A darlington can be considered as a single transistor with the following characteristics:

V_{BE,darlington}=V_BE1+V_BE2

I_B,darlington=I_B1. I_C1= h_FE1∙I_B1. I_C2=h_FE2∙I_B2=h_FE2∙I_E1=h_FE2∙(h_FE1+1)∙I_B1. I_C,darlington=I_C1+I_C2=h_FE1∙I_B1+h_FE2∙(h_FE1+1)∙I_B1=(h_FE1+(h_FE1+1)∙h_FE2)∙I_B1. h_{FE,darlington}=I_C,darlington/I_B,darlington=h_FE1+(h_FE1+1)∙h_FE2. h_FE1>>1 => h_{FE,darlington}=h_FE1+h_FE1∙h_FE2. h_FE1∙h_FE2>>h_FE1 => h_{FE,darlington}=h_FE1∙h_FE2.

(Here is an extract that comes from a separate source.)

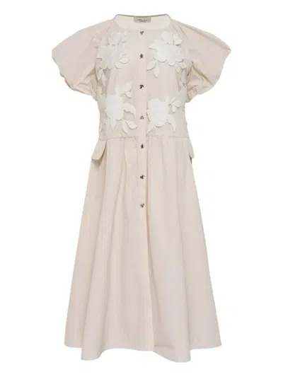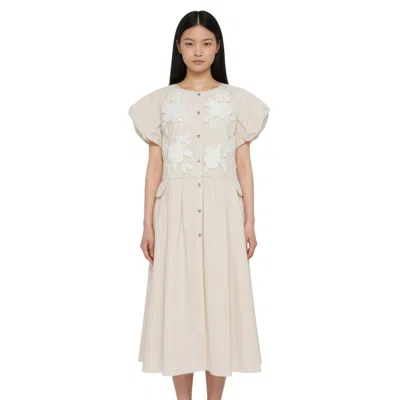 Floral-embroidered Puff-sleeve Midi Dress In Neutral

Let's now recalculate a proper value for RB. Assume T1's current gain is 300 and T2's current gain is 100.

I_C,darlington = 9/100=90mA. h_{FE,darlington}=300∙100=30000. V_{BE,darlington}=1.2V.

The voltage across RB equals 3V-1.2V=1.8V => RB < 1.8V/3µA = 600k. 560k is a safe value. I_B,darlington will be 1.8/560k = 3.21µA.